In this context, the present paper describes a new method to solve this challenging parameterization problem for free-form polynomial Bézier surfaces. Our method applies a powerful nature-inspired metaheuristic algorithm, called firefly algorithm, introduced recently by Professor Yang (Cambridge University) to solve difficult optimization problems. The trademark of the firefly algorithm is its search mechanism, inspired by the social behavior of the swarms of fireflies and the phenomenon of bioluminescent communication. The paper shows that this approach can be effectively applied to obtain an optimal approximating Bézier surface to a given set of noisy data points, provided that an adequate representation of the problem and a proper selection of the parameters are carried out. To check the performance of our approach, it has been applied to some illustrative examples of open and closed surfaces, including shapes with singularities. Our results show that the method performs very well, being able to yield the best approximating surface with a high degree of accuracy.

The structure of this paper is as follows: in Section 2 the previous work in the field is briefly reported. Then, the fundamentals and main ideas of the firefly algorithm, the method used in this paper, are briefly explained in Section 3. Our proposed firefly-based method for data fitting with Bézier surfaces is described in Section 4. The section begins with the description of the problem to be solved. Then, the application of the firefly algorithm to solve it is explained in detail. Some illustrative examples of its application to open and closed surfaces, including shapes with singularities, along with some implementation details are reported in Section 5. The paper closes with the main conclusions of this contribution and our plans for future work in the field.

2. Previous Work

The problem of data fitting through free-form parametric surfaces has been the subject of research for many years [1, 20, 30–35]. One of the most important problems regarding this issue is the surface parameterization, that is, the computation of suitable parametric values for the fitting surface to data points. In many practical situations, it is advisable to obtain a parameterization as similar as possible to the arc-length parameterization. The ultimate reason for this is that a constant step on the parametric domain automatically translates into a constant distance along an arc-length parameterized curve on the surface. In other words, for constant parameter intervals, the curve on the surface exhibits a point spacing that is as uniform as possible. Therefore, this parameterization is very convenient for surface interrogation issues, such as surface intersections or measuring distances on a surface [36, 37]. For instance, it has been traditionally applied in metrology for design and manufacturing, to collect measurement data from industrial parts of the designed and manufactured products. Many other industrial operations also require a uniform parameterization. For example, in computer controlled milling operations, the curve path followed by the milling machine must be parameterized such that the cutter neither speeds up nor slows down along the path [9]. This property is only guaranteed when the curve path is parameterized with the arc-length parameterization. Consequently, this has been the preferred and most classical choice for surface parameterization.

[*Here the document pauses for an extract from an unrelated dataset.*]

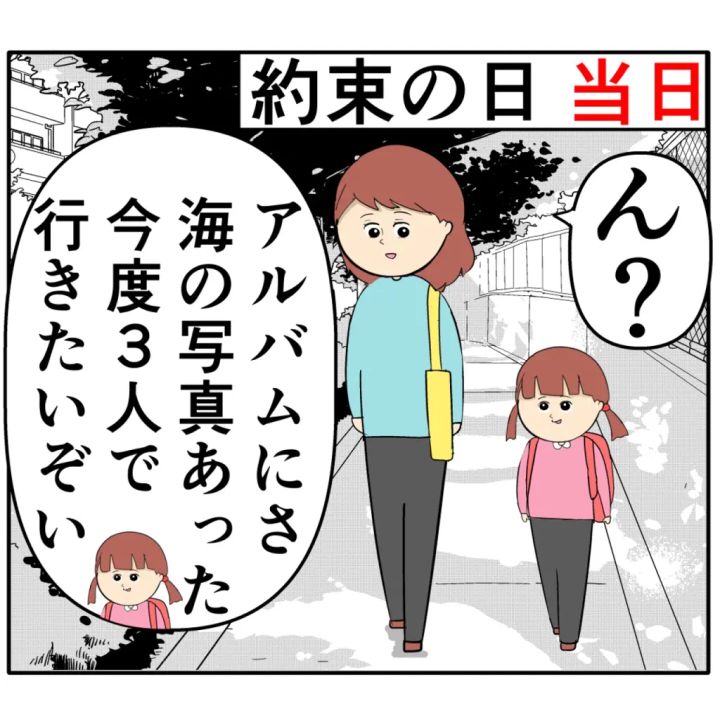 「ん?」とめいさんが聞き返すと、「アルバムにさ、海の写真あった。今度3人で行きたいぞい」と無邪気にあかりちゃんが言いました。

Some recent papers have shown that the application of Artificial Intelligence techniques can achieve remarkable results regarding this parameterization problem [2, 5, 6, 38–40]. Most of these methods rely on some kind of neural networks, either standard neural networks [38], Kohonen’s SOM (Self-Organizing Maps) nets [29, 39], or the Bernstein Basis Function (BBF) network [40]. In the case of surfaces, the network is used exclusively to order the data and create a grid of control vertices with quadrilateral topology [39]. After this preprocessing step, any standard surface reconstruction method (such as those referenced in the bibliography) has to be applied. In some other cases, the neural network approach is combined with partial differential equations [29] or other approaches. The generalization to functional networks (an extension of neural networks where the weights are replaced by functions) is also analyzed in [2, 5, 6, 41].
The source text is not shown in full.